After this initial victory, the ACLU returned to court on January 31, 2007, where the Sixth Circuit Court of Appeals heard arguments from both sides. Despite the Bush administration's January announcement that wiretapping warrants were to be subject to FISA court approval, the president continued to claim the "inherent authority" to engage in warrantless eavesdropping. Then ACLU Associate Legal Director Ann Beeson urged the court to exercise its proper authority and require the president to follow the law.

In July 2007, the Sixth Circuit Court of Appeals dismissed the case, ruling the plaintiffs in the case - which included scholars, journalists, and national nonprofit organizations - had no standing to sue because they could not state with certainty that they have been wiretapped by the NSA.

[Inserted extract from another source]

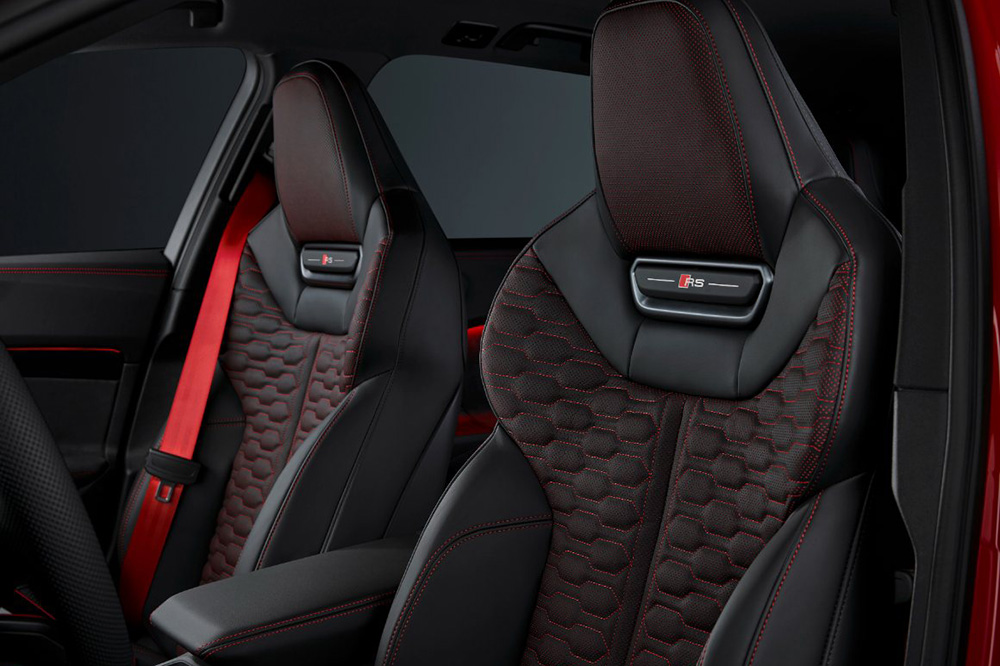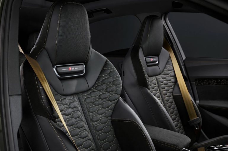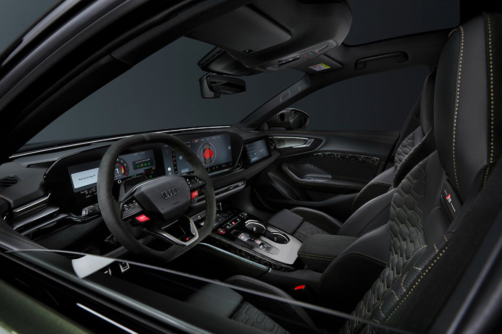 新型RS 5アバントおよびRS 5セダンに用意されるオプションのAudi Sportパッケージは、スポーティさをさらに際立たせてくれる。専用デザインのダイナミックなフロントおよびリヤバンパー、マットアクセントが施されたツートーンのダイヤモンドカット・ファントムブラック21インチホイールなど、エクスクルーシブな要素を追加。RSスポーツエキゾーストシステムと、285km/hへと引き上げられた最高速度が、さらなるパフォーマンスを実現する。

The decision "insulates the Bush administration's warrantless surveillance activities from judicial review and deprives Americans of any ability to challenge the illegal surveillance of their telephone calls and e-mails," said ACLU Legal Director Steve Shapiro. He added the ruling "did not uphold the legality of the government's warrantless surveillance activity. Indeed, the only judge to discuss the merits clearly and unequivocally declared that the warrantless surveillance was unlawful."

Because the appeals court refused to rule on the legality of the program, Americans were denied the chance to contest the warrantless surveillance of their telephone calls and e-mails. In October 2007, the ACLU appealed the ruling to the Supreme Court of the United States. The Court declined the case in February 2008.